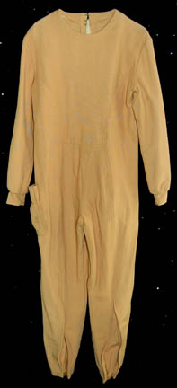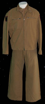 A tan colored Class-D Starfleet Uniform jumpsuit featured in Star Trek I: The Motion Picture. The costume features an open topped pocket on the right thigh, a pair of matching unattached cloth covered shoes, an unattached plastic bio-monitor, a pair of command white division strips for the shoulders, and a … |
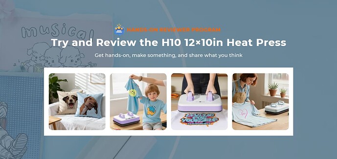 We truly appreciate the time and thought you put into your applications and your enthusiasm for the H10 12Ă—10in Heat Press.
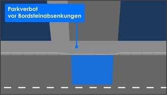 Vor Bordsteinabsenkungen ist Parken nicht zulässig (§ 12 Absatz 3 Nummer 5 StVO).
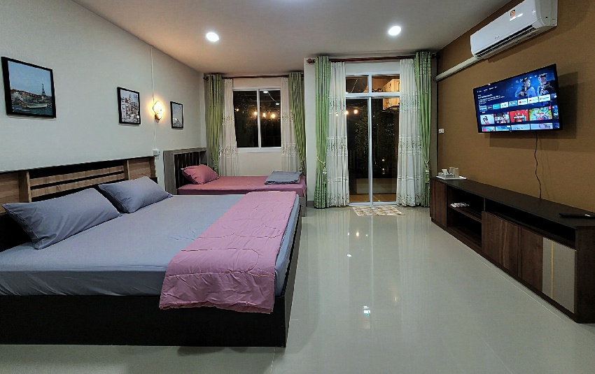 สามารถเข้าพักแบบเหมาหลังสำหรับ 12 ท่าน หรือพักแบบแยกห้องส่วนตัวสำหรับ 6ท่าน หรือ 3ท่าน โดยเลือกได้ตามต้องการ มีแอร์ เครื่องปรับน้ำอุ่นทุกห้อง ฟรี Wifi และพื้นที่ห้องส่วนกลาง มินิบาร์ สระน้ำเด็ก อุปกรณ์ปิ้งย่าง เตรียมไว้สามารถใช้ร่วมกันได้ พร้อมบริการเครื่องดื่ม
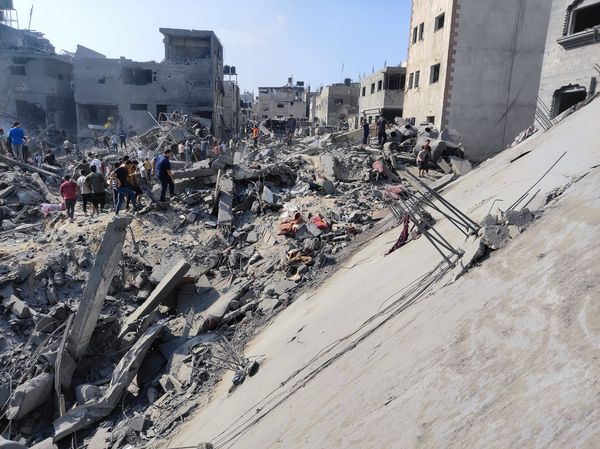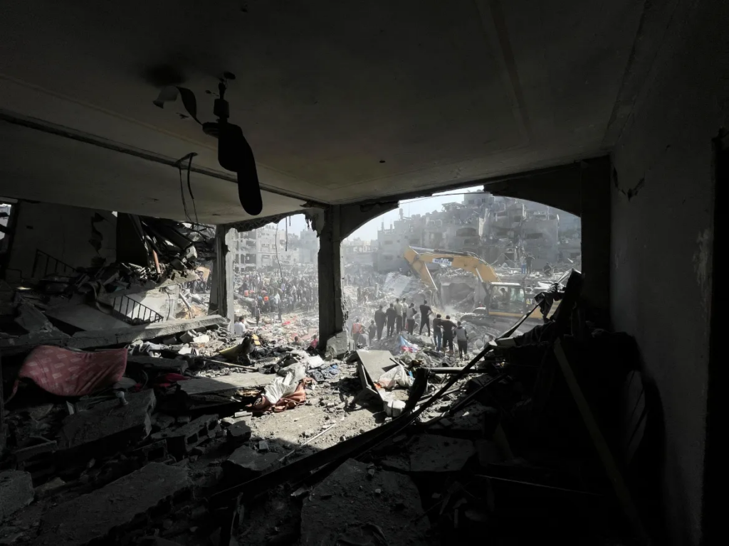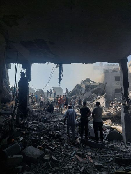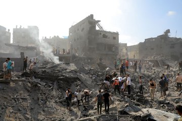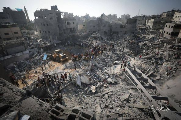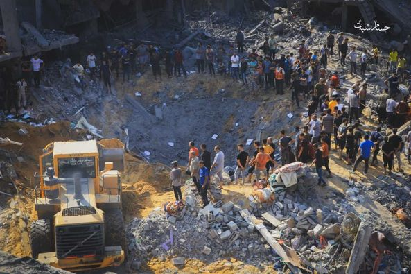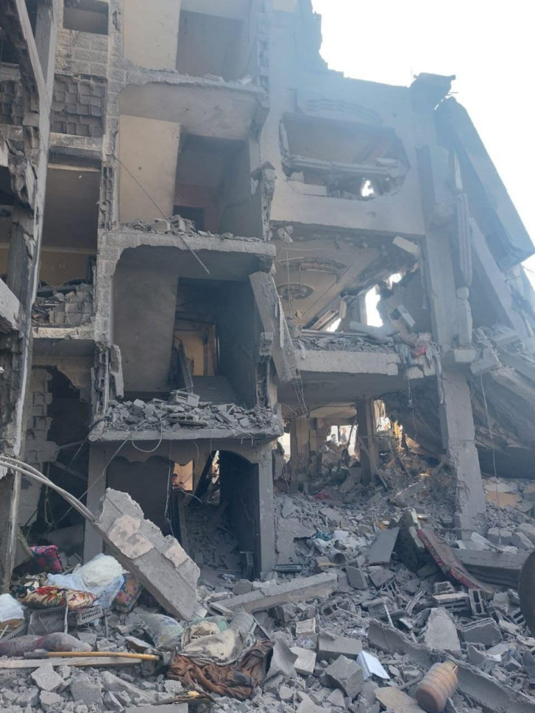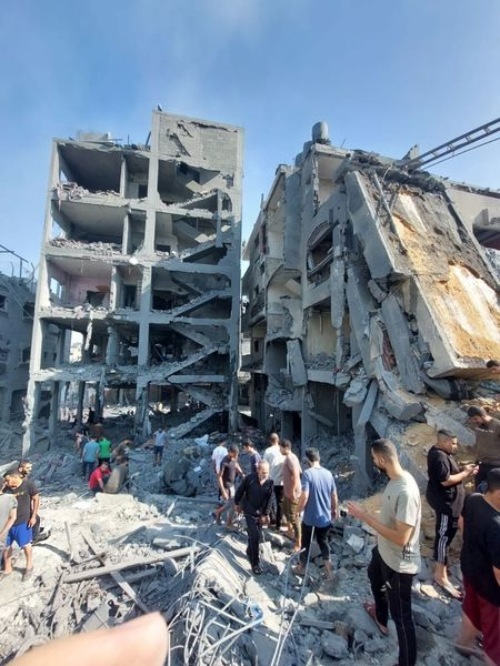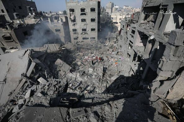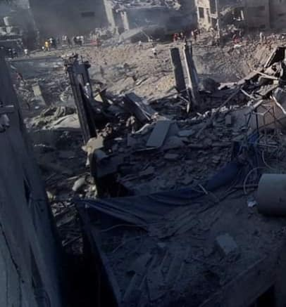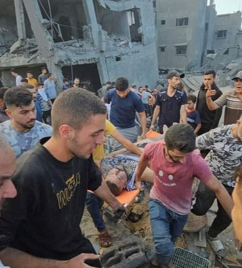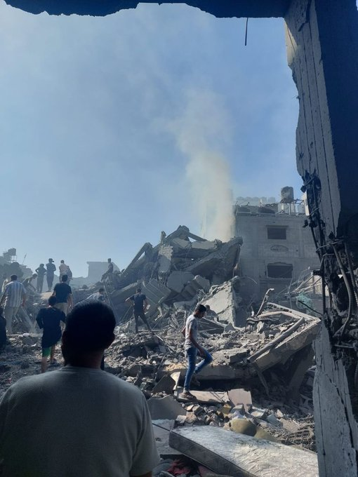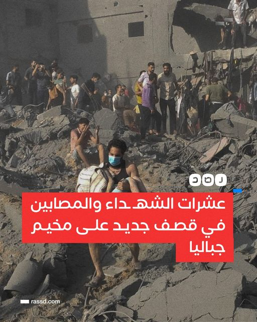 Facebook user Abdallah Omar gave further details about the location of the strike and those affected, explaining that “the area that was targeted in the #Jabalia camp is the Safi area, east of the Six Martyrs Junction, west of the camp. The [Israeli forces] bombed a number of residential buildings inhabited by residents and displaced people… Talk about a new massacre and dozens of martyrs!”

What is expected —
Set down exactly the lines of the entries above from the one holding "Vor Bordsteinabsenkungen ist" through the last one, including both, with the pictures left out.

Solution —
 Vor Bordsteinabsenkungen ist Parken nicht zulässig (§ 12 Absatz 3 Nummer 5 StVO).
 สามารถเข้าพักแบบเหมาหลังสำหรับ 12 ท่าน หรือพักแบบแยกห้องส่วนตัวสำหรับ 6ท่าน หรือ 3ท่าน โดยเลือกได้ตามต้องการ มีแอร์ เครื่องปรับน้ำอุ่นทุกห้อง ฟรี Wifi และพื้นที่ห้องส่วนกลาง มินิบาร์ สระน้ำเด็ก อุปกรณ์ปิ้งย่าง เตรียมไว้สามารถใช้ร่วมกันได้ พร้อมบริการเครื่องดื่ม
 Facebook user Abdallah Omar gave further details about the location of the strike and those affected, explaining that “the area that was targeted in the #Jabalia camp is the Safi area, east of the Six Martyrs Junction, west of the camp. The [Israeli forces] bombed a number of residential buildings inhabited by residents and displaced people… Talk about a new massacre and dozens of martyrs!”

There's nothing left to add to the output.